About this task:
Please give back exactly the line with "VIN : WBY43AW00PFR38849 |" and each line after it through the end of the material, leaving out the pictures.

Source data:

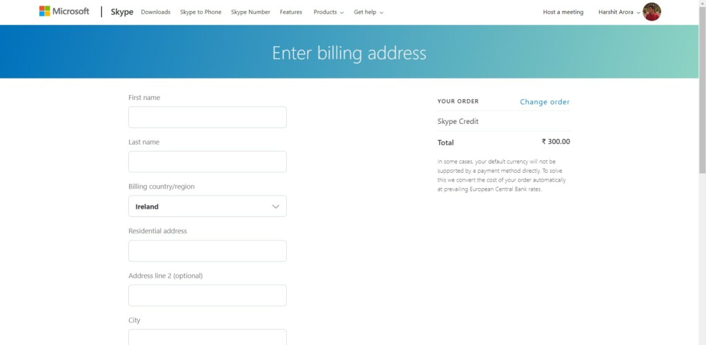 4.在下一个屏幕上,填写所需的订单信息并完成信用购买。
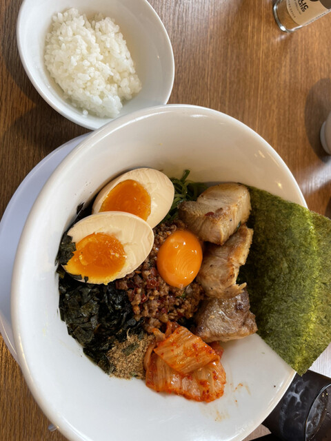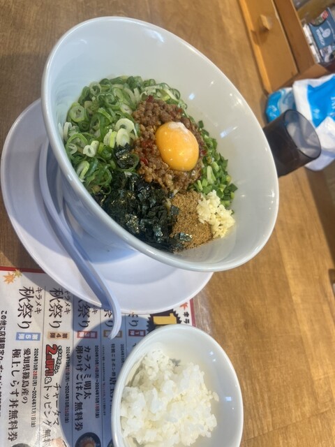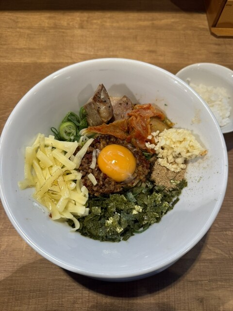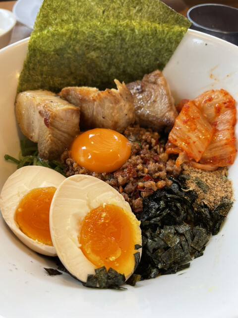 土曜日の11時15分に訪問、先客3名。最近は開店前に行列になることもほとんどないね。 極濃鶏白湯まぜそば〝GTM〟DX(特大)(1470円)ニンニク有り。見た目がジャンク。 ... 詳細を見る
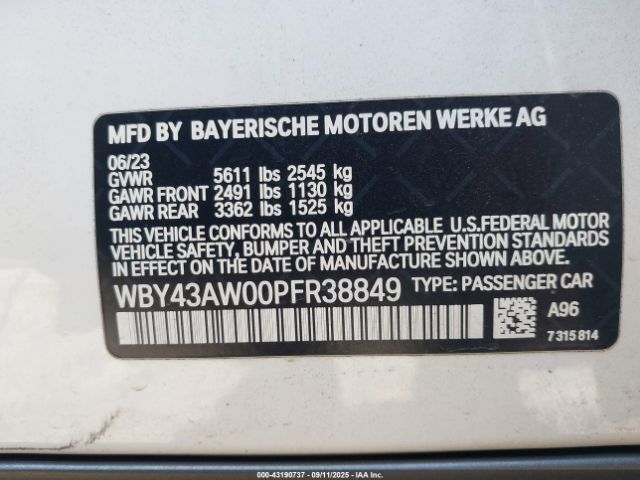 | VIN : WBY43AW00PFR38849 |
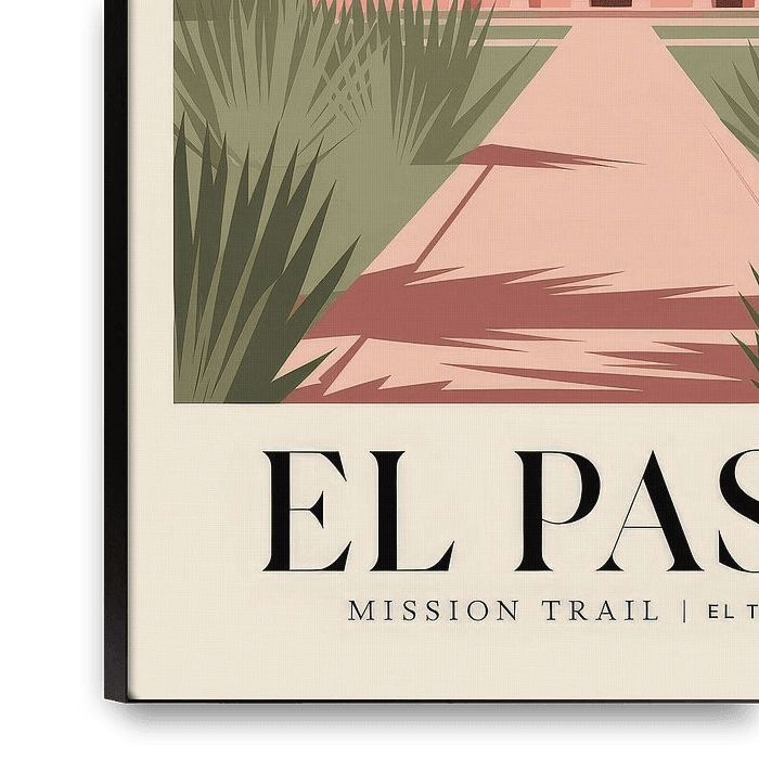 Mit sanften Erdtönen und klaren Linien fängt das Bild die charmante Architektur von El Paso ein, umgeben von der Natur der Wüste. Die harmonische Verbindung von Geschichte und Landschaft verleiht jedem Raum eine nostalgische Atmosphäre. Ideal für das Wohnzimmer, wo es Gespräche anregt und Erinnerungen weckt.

Solved problem:
 | VIN : WBY43AW00PFR38849 |
 Mit sanften Erdtönen und klaren Linien fängt das Bild die charmante Architektur von El Paso ein, umgeben von der Natur der Wüste. Die harmonische Verbindung von Geschichte und Landschaft verleiht jedem Raum eine nostalgische Atmosphäre. Ideal für das Wohnzimmer, wo es Gespräche anregt und Erinnerungen weckt.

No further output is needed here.